Meta Data - refers to data about data. We frequently hear this term misused. Common meta data might be file size, extract dates, field counts, definitions, etc.
Algorithm - a set of precisely defined steps expected to arrive at an answer to a problem or set of problems. In the data world, this is a mathematical equation with a series of variables that are repeatedly populated with data from a designated data set. The results of the calculation form the basis of a decision engine.
Probability - a measure or estimation of how likely it is that something will happen. Probability is presented in terms of a “percentage of likelihood”. In the case of a decision engine, you might hear, “If a customer enters the store, there is a 27% probability they will purchase at least one item.”

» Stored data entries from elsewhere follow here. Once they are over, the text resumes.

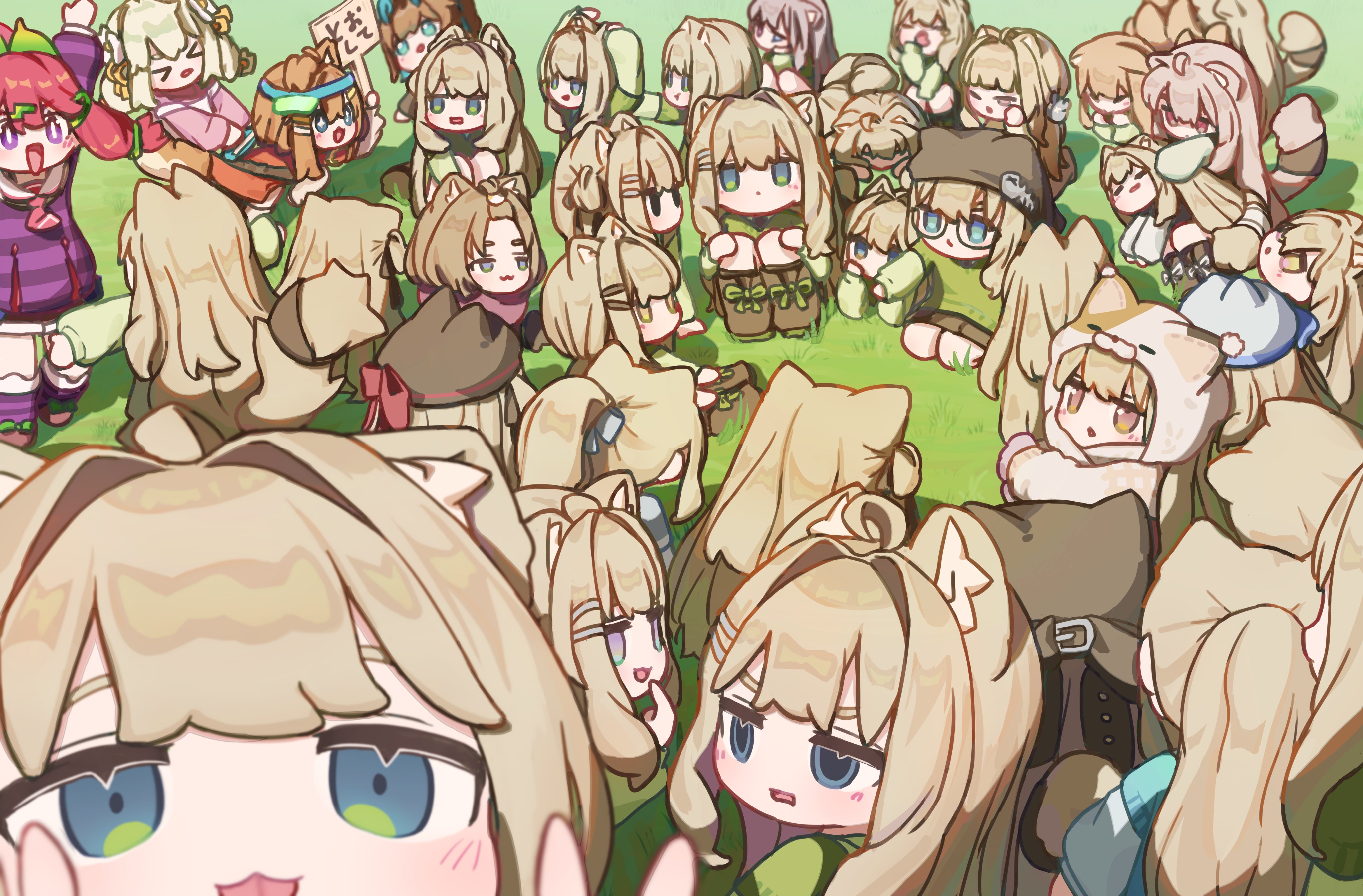 >_< 6+girls :3 absurdres ahoge all_fours animal_ears animal_hat arms_up bangs_pinned_back blonde_hair blue_eyes boots bow brown_eyes cat_hat character_request clone double_v glasses grass grey_hair hair_intakes hair_ornament hairclip hat highres holding holding_sign isanai_nuku_(vrchat) jitome kipfel_(vrchat) long_hair mamehinata minahoshi_(vrchat) multiple_girls neko_kakera no_nose outdoors peeking_out purple_eyes red_hair sign sitting tail too_many v vrchat
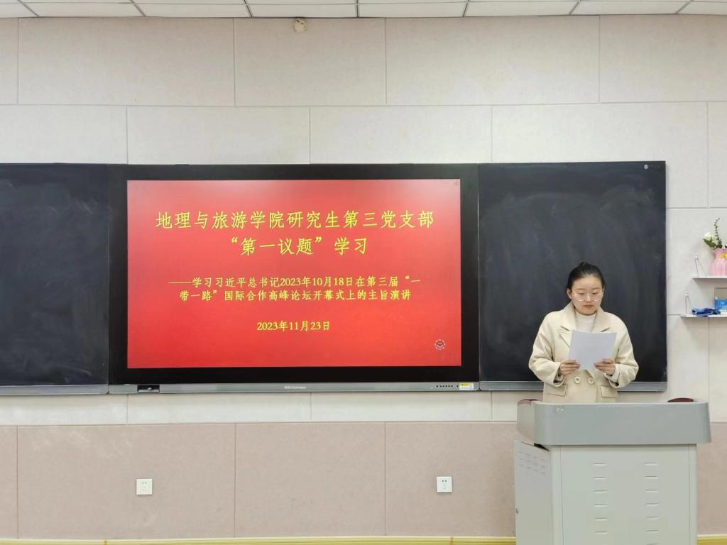 研究生第三党支部在S206教室开展党日活动,共同学习习近平主席在第三届“一带一路”国际合作高峰论坛开幕式上发表的主旨演讲,会议由第三党支部书记徐佳蓓主持,研究生第三党支部全体党员参加会议。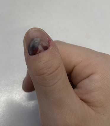 당일 저녁에는 그냥 손톱 찧은 곳 아랫 부분 살에 피가 맺혔다.
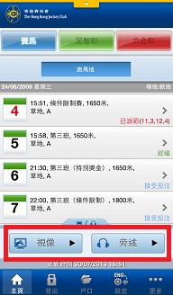3. 於賽事進行期間按左上角的賽馬圖示,然後於賽馬直播下按「立即收看」或「立即收聽」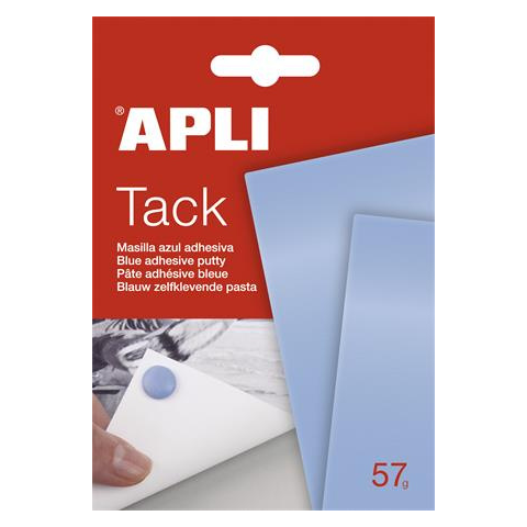 Gyurmaragasztó, 57 g, APLI Tack, kék -otthoni, irodai vagy iskolai felhasználásra -alkalmas fotók, plakátok, rajzok vagy egyéb dekorációk rögzítésére -oldószermentes -könnyen visszaszedhető -a csomag egy lapot tartalmaz, amelyből könnyen letéphető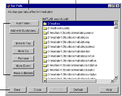 При вызове, система MATLAB автоматически выполняет главный М-файл (master M-file) matlabrc.m., и файл startup.m (есди последний существует). Файл matlabrc.m, которые расположен в директории local, зарезервирован фирмой The MathWorks, а в многопользова-тельских системах может быть использован также системным менеджером. Файл startup.m предназначен для задания ряда стартовых опций (возможностей) по усмотрению пользователя. Вы можете изменить исходные пути доступа (см. далее), ввести заранее определенные переменные в рабочее пространство, изменить текущую директорию и т.д. Стартовый файл startup.m следует ввести в директорию $matlabroot\toolbox\local (более подробно с данным вопросом можно ознакомиться в справочных пособиях по MATLAB-у).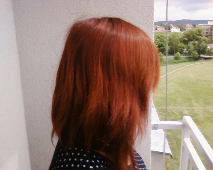 hennecolor jsem smíchala s citronem, medem, paprikou, olejem a zalila jahodovým čajem, nechala jsem to asi hoďku a půl odstát v teplý lázni a výsledek: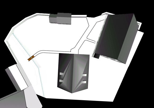 Zu sehen ist das zu bebauende Grundstück mit seinen denkmalgeschützten Altbauten, der Wegführung und dem kleinen Bach.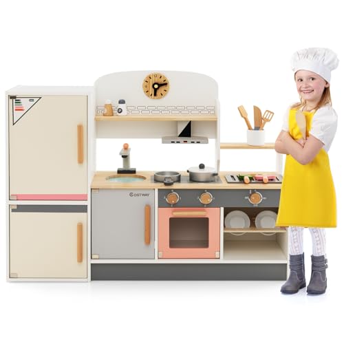 COSTWAY Barnkök med 16 lektillbehör, lekkök trä inkl. köksfläkt och ismaskin, telefon och tvättmaskin och mikrovågsugn, leksakskök för barn från 2 år, rosa (83 x 29 x 103 cm)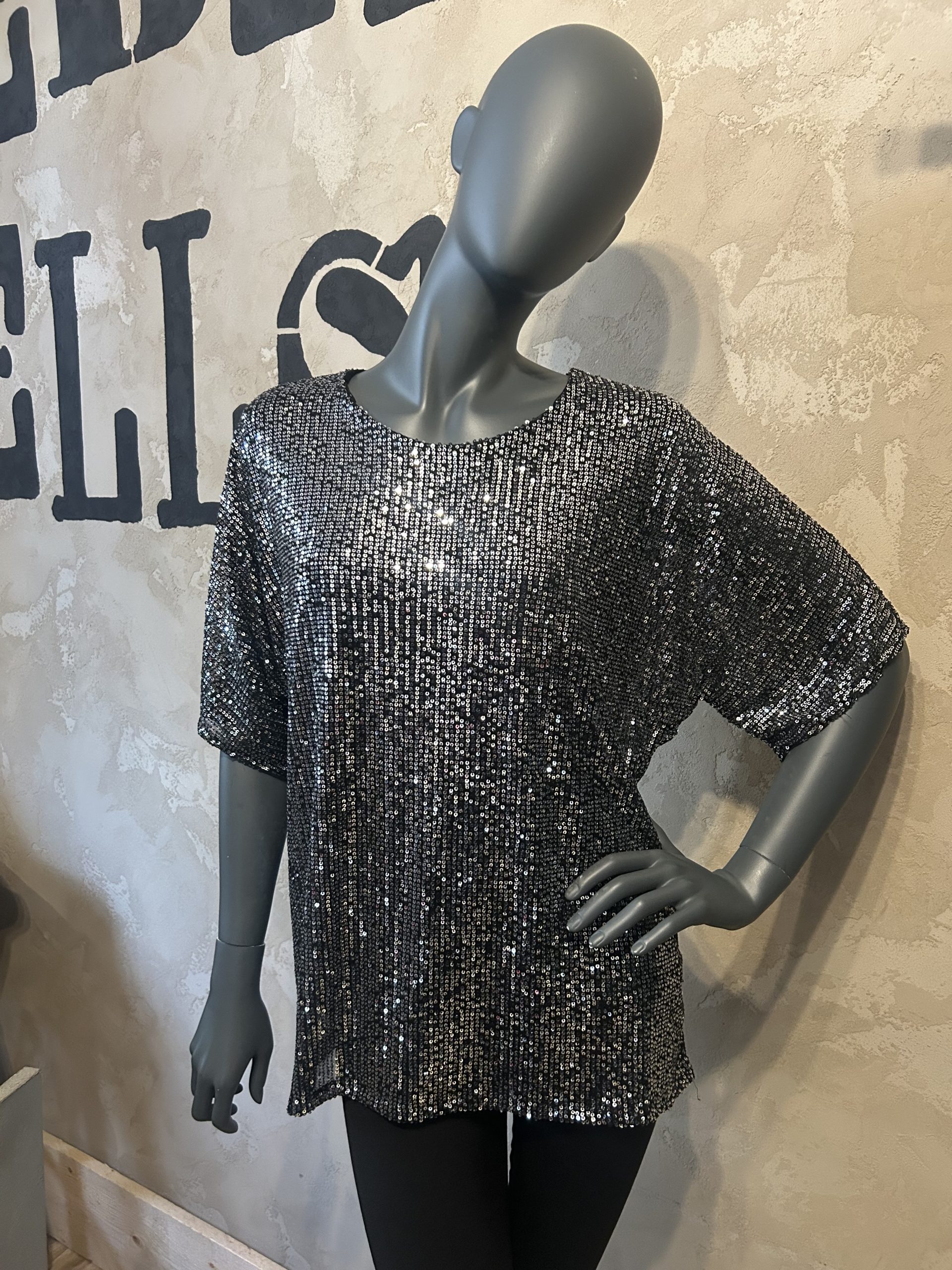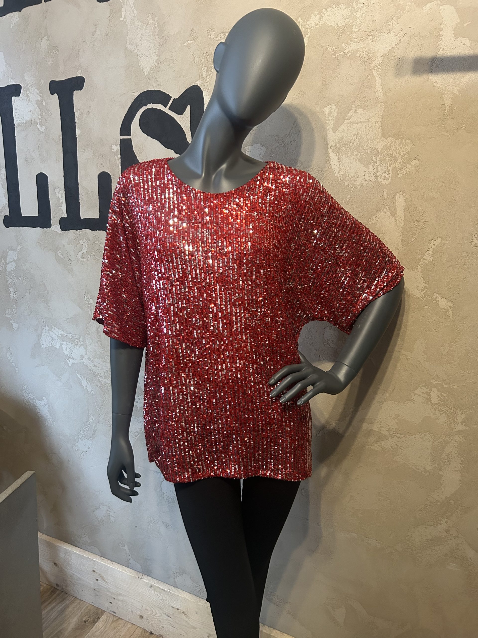Our sequin top is perfect for any special occasion. It has a round neck and short sleeves. Available in black or red, one size fits 10-16.

The purpose behind data mining is to consolidate a single large data set, or several large, diverse data sets and create meaningful, decision-ready intelligence. It is expected the decision-makers will take action based on the output once the intelligence is delivered. The action taken depends in some part on the confidence the decision-maker has in the intelligence source, the risks involved, and other factors that exist outside the data output. Data mining, at least in today’s corporate world, rarely provides a decision. Final decisions in the majority of today’s professional community rests largely with the individual or group who will be held accountable for results. It is thus possible that companies will take action that is contrary to the results of an analysis, despite the probability and risk involved.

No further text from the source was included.